FIt SNE - hasselmonians/knowledge-base GitHub Wiki

t-distributed stochastic neighborhood embedding is a powerful technique for dimensionality reduction and visualization of high-dimensional data sets. It generally performs much better than PCA; however the computational complexity of the algorithm limits it to small data sets (n < 3,000).

A popular implementation of t-SNE uses the Barnes-Hut algorithm to approximate the gradient at each iteration of gradient descent. This implementation, FFT-Accelerated Interpolation-based t-SNE (FIt-SNE) uses the fast Fourier transform to compute the convolution required in the Barnes-Hut algorithm across an interpolated equispaced grid. This dramatically speeds up computation time.

GNU/Linux & MacOS

Clone the repository or download the zip file. The only prerequisite the the fastest Fourier transform in the west (FFTW). It is accessible as a package on Debian- and Arch-based systems and can also be downloaded off the website.

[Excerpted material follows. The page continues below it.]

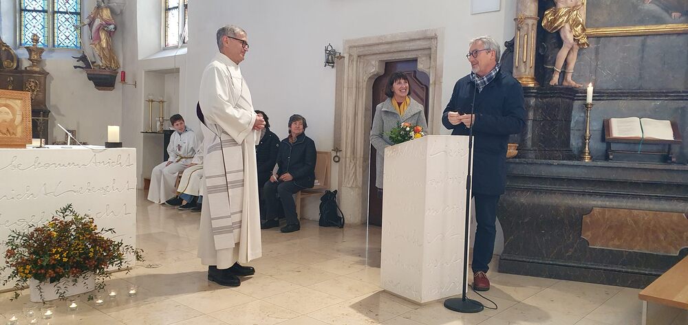 Vor dem Schlusssegen überreichte Ernst Pock im Namen der Pfarre dem neuen Diakon ein Aspergill, mit dem dieser gleich voll Freude die Gläubigen segnete. Für seine Ehefrau Eva, die ihm begleitend zur Seite steht, gab es einen Blumenstrauß, mit den besten Wünschen für sie.

The code needs to be compiled once. In the terminal, run:

g++ -std=c++11 -O3  src/sptree.cpp src/tsne.cpp src/nbodyfft.cpp  -o bin/fast_tsne -pthread -lfftw3 -lm

while in the repository's directory.

Windows

On Windows machines, the researchers have provided a binary. Download and extract to the bin\ folder in the repository. All FFTW dependencies have been included. All downloaded DLL files need to be added to the bin\ directory.

Running FIt-SNE

The code is written in C++. There are wrappers in R, Python, and MATLAB each called fast_tsne. For example, in MATLAB run

embedded_X = fast_tsne(X)

Options are passed as a secondary argument in a struct.